I recently spent a week watching and working through a MIT course from 1985 called Structure and Interpretation of Computer Programs. You may have heard of it. SICP is a course that teaches a Lisp dialect called Scheme. Why on Earth would I want to go on a 30 year old course in a language nobody uses? First of all, there's plenty of reasons to suppose that Lisp has a very good future, but also the important thing about SICP is not what it teaches you about a language, but how it makes you think about programs.

SICP teaches meta-linguistic programming. That is, it teaches you how to write programs by writing languages. I recently tried the meta-linguistic approach in JavaScript and I was surprised at how powerful it was. Will it work for you? I'll tell you my story and you can decide.

Table of Contents

WebGL animation

WebGL lets you create 3D images in a browser.
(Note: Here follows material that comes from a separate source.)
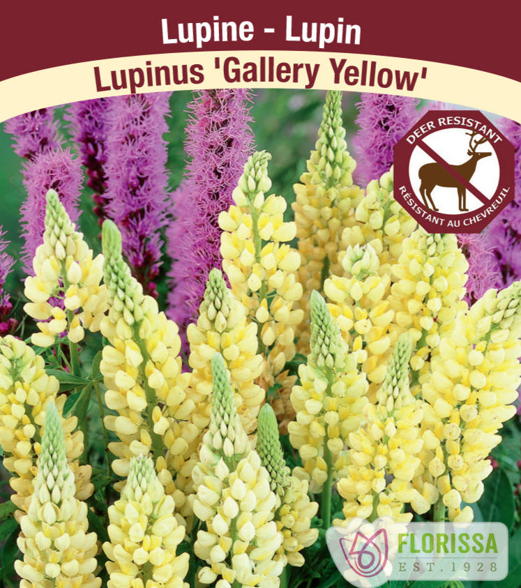 Lupinus ‘Gallery Mix’ is a stunning compact lupine hybrid famed for its vibrant, multicolored flower spikes—think shades of red, pink, yellow, blue, white, and indigo—all blooming atop lush, palmate foliage. Standing around 18–24 in tall with a spread of 12–18 in, this mix brings early- to mid-summer color to gardens, borders, and containers. It attracts hummingbirds, butterflies, and bees, while offering the added benefits of deer resistance and ease of care. Truly a picturesque, pollinator-friendly choice for small spaces and cutting gardens.

You program it with JavaScript. Raw WebGL is pretty difficult to program, so most people use a framework like three.js to do a lot of the heavy lifting for them. A while back I did some WebGL coding and decided to try porting a little animation function I'd created to three.js. After an hour or so I'd ported the code, and this is how you call it:

THREE.Animatic.animateAttribute(earth.position, "x", 100, 5);

This is a tween function. It takes a JavaScript object – in this case the position of a 3D model of the Earth, and animates one of its attributes to some value. In the above code it's animating the x attribute to 100 over a period of 5 seconds. This is what it looks like:

Animating the x attribute to 100

The call is asynchronous, so it returns immediately while the animation runs in the background. This way of animating is very powerful because it can animate almost anything in JavaScript. You can change location, orientation, even colour. As an experiment, I decided to apply the principles from SICP to this little function. Was there some way I could create a small animation language based on it?

Abstraction

The book for the SICP course says that a meta-language should have these three features:

  • Abstraction
  • Combination
  • Closure

The first, abstraction, means identifying general-purpose concepts. It's important that they are general-purpose, because they can then be applied in several contexts and increase the power of the language. What general-purpose construct will I have in an animation language? The most obvious one is an animation. But what is an animation? Looking a the function I decide that the attribute name and the target-value were the animation. The object is irrelevant. So is the time it takes. If I slide the Earth sideways by 100 points in 3 seconds, that's the same animation as sliding a fish sideways by 100 points in 3 seconds. So I created a new function called animate which combined the attribute-name and target-value into a single construct, like this:

THREE.Animatic.animate(earth.position, {x: 100}, 5);

This is a trivial change. Behind the scenes, animate simply splits the name from the value and calls animateAttribute as before. But now that I an abstract construct that represents an animation, I can apply to several different objects:

var slideOver = {x: 100};
THREE.Animatic.animate(earth.position, slideOver, 5);
THREE.Animatic.animate(fish.position, slideOver, 15);
THREE.Animatic.animate(car.position, slideOver, 15);

OK, what's next?

Combination

The next feature of a meta-language is combination. Combination is some way of collecting abstractions together. Let's say we're going to run a couple of different animations:

THREE.Animatic.animate(earth.position, {x: 100}, 5);
THREE.Animatic.animate(earth.position, {z: 200}, 5);

The animate call is asynchronous – so these animations will run in parallel, and the above code will move the Earth diagonally, like this:The animate call is asynchronous – so these animations will run in parallel, and the above code will move the Earth diagonally, like this:

See example 3

Is there a way we can combine these two animations together? Yes, we can by simply adding them to the same JSON object:

THREE.Animatic.animate(earth.position, {x: 100, z: 200}, 5);

Again, this is a very simple change to make. Instead of reading a single key/value pair from the animation object, we just loop through all key/value pairs. The animation object is starting to feel more useful now. We can animate several attributes at once with a single line of code.

Closure

The third feature of a meta-language is closure. This doesn't mean the closures that you see in functional programs. Closure means that each part of an abstraction can itself be an abstraction. So in the animation language, each target value can be a number, or it might be… an animation. The easiest way to understand this is with an example. Let's say, instead of sliding the Earth sideways, we wanted to roll the Earth. We can use the animate call to change the Earth's location, as well as it's rotation:

THREE.Animatic.animate(earth.position, {x: 100, z: 200}, 5);
THREE.Animatic.animate(earth.rotation, {z: -100 / 60, x: 200 / 60}, 5);

The first line animates the position, the second animates the rotation. But they are both animating the Earth. So rather than have two calls, why not have one?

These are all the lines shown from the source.